[Start of section]
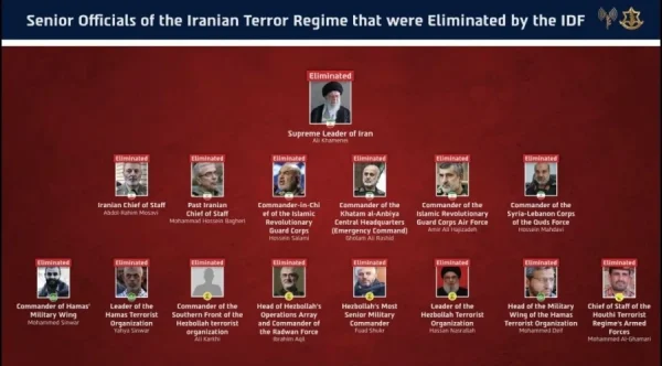 Την εξάλειψη όλης της ηγετικής ομάδας του Ιράν, αλλά και των στενών «συμμάχων» τους με επικεφαλής τον αγιατολάχ Αλί Χαμενεΐ ανακοίνωσε ο ισραηλινός στρατός, το βράδυ της Κυριακής.
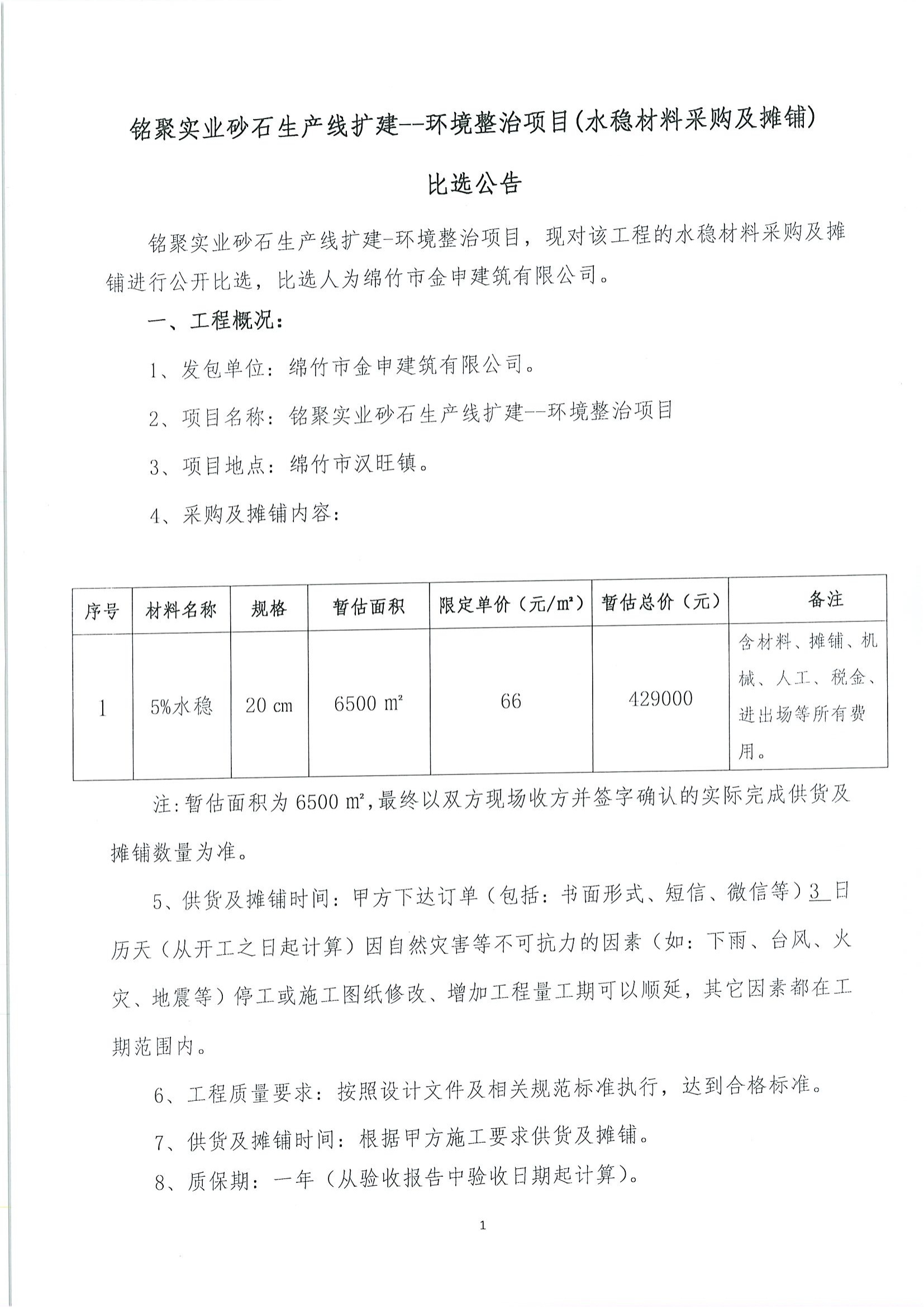 铭聚实业砂石生产线扩建——环境整治项目比选公告
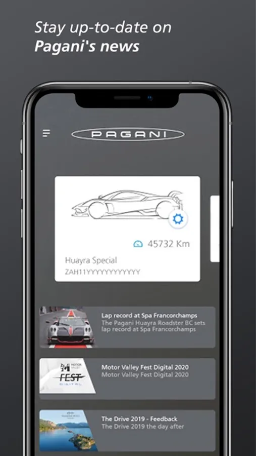 An intuitive user interface allows you to navigate quickly through the different sections of the App and provides you with easy access to exclusive events, such as the Pagani Raduno, where you will no longer need to use any other method to get in touch with all things Pagani.
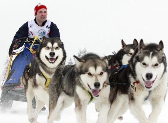 Обои Аляскинские маламуты бегут в упряжке
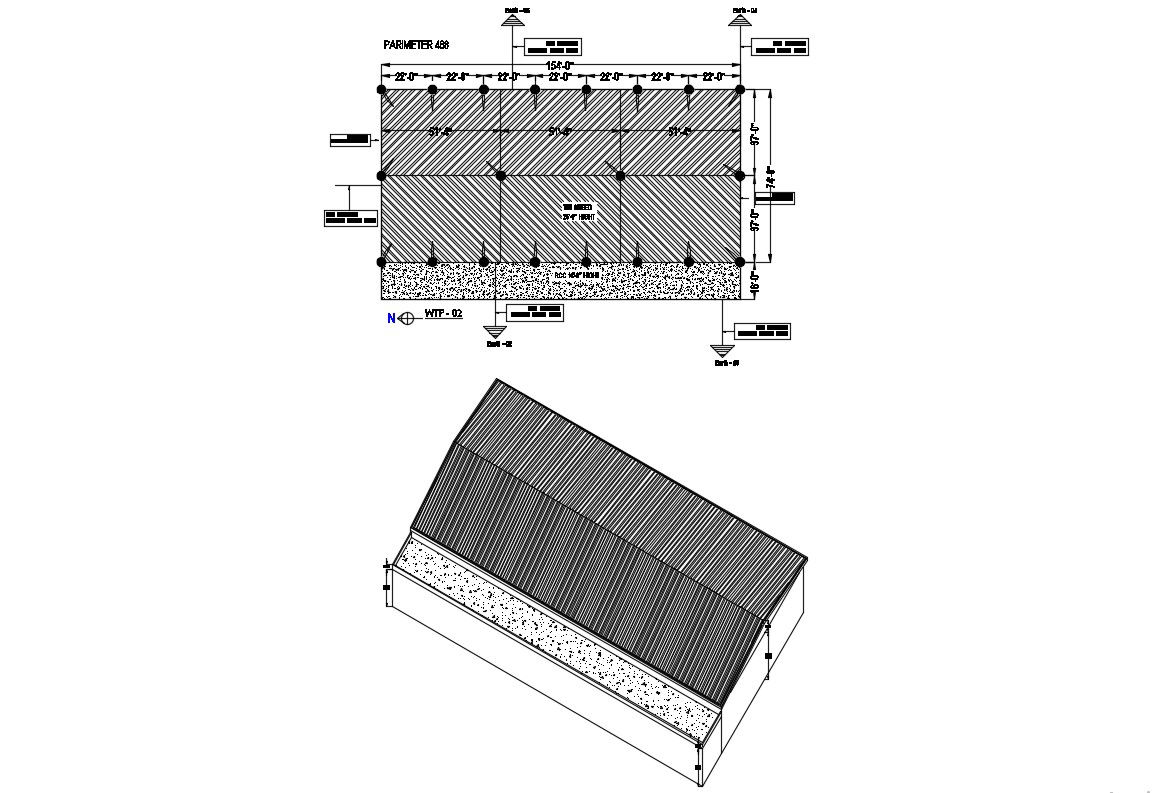 Roof Plan Details CAD File Free Download ; top view of building detail include some text, dimension , hatching with floor plan and 3D view . free DWG file download
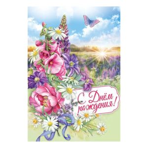 Открытка " Праздник " 445 С Днем рождения! Полевые цветы, 126*182мм, блестки в лаке, текст
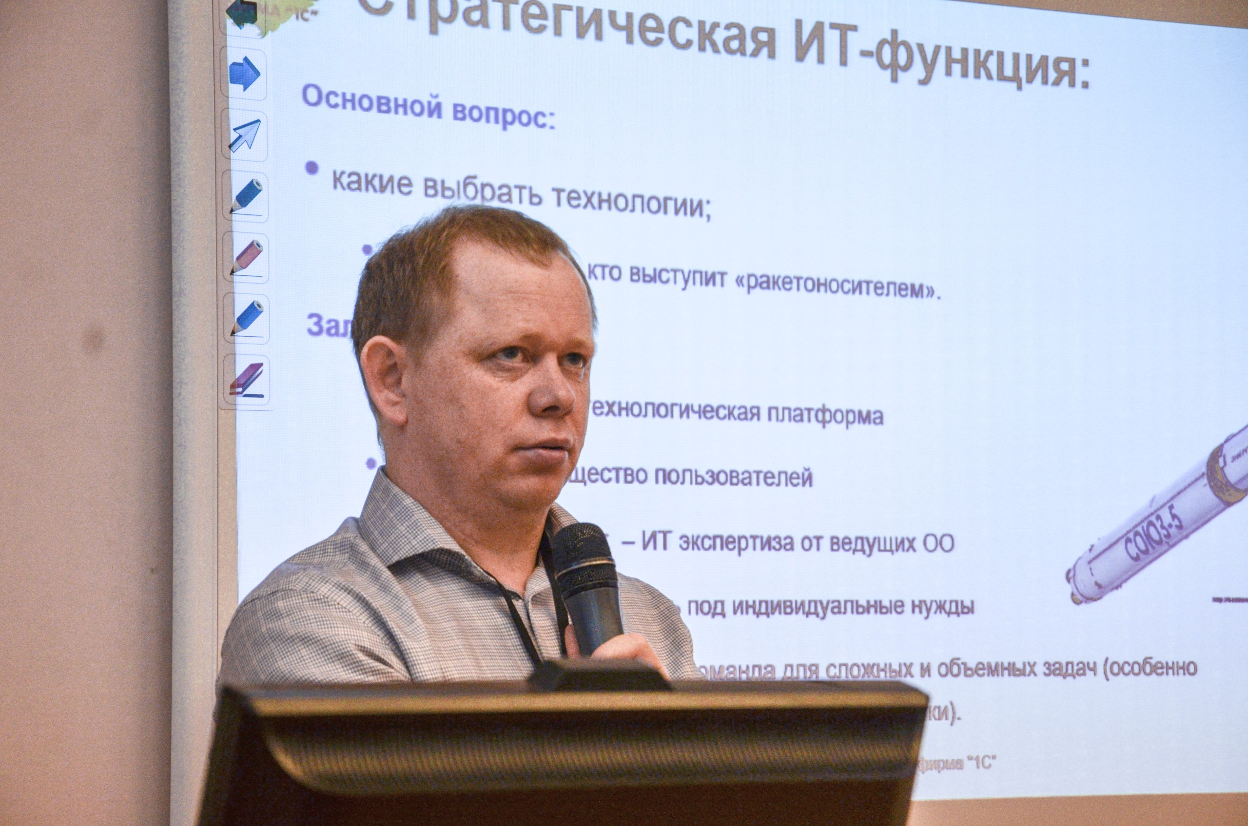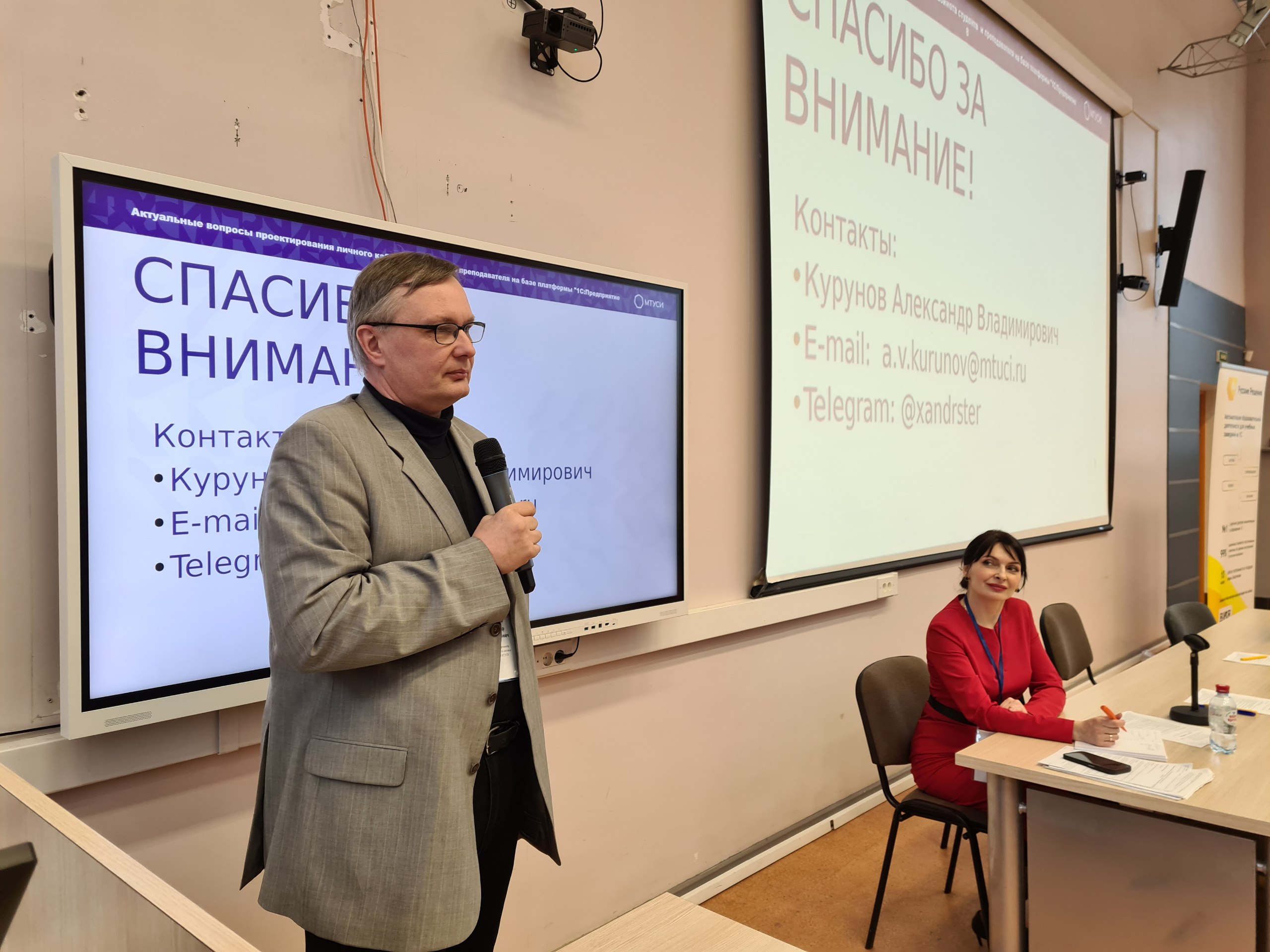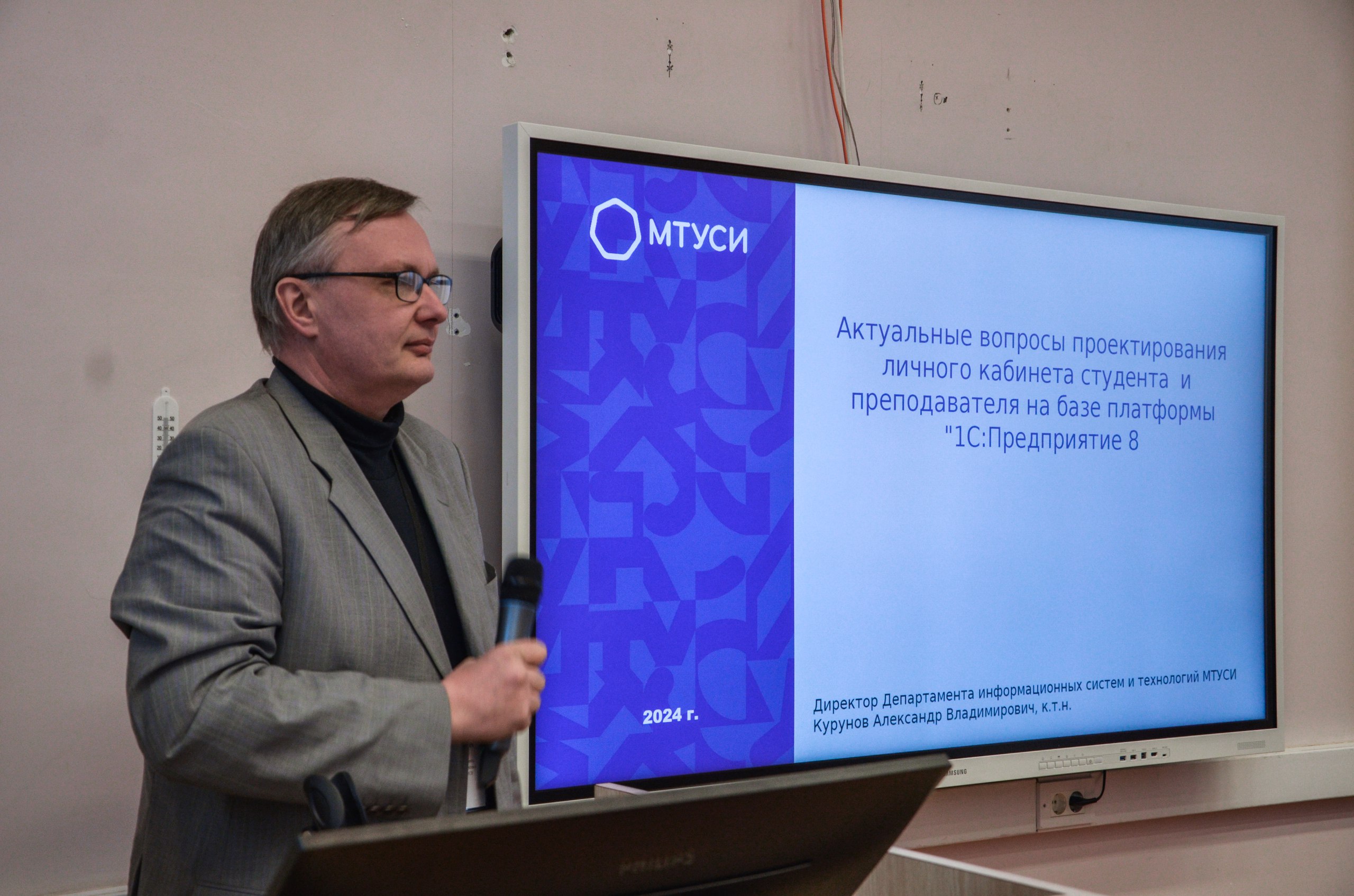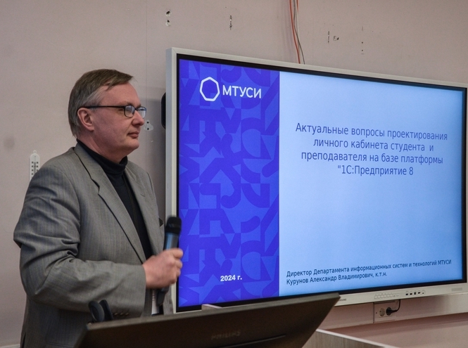 Выступление директора департамента информационных систем и технологий МТУСИ Александра Владимировича Курунова было посвящено актуальному вопросу проектирования личного кабинета студента и преподавателя на базе платформы «1С: Предприятие 8».
[End of section]
WHAT TO PRODUCE: The required output is every line from the one containing "в лаке, текст" through the last line of the data above, restated exactly and without pictures.

WRITTEN RESPONSE:
 Открытка " Праздник " 445 С Днем рождения! Полевые цветы, 126*182мм, блестки в лаке, текст
 Выступление директора департамента информационных систем и технологий МТУСИ Александра Владимировича Курунова было посвящено актуальному вопросу проектирования личного кабинета студента и преподавателя на базе платформы «1С: Предприятие 8».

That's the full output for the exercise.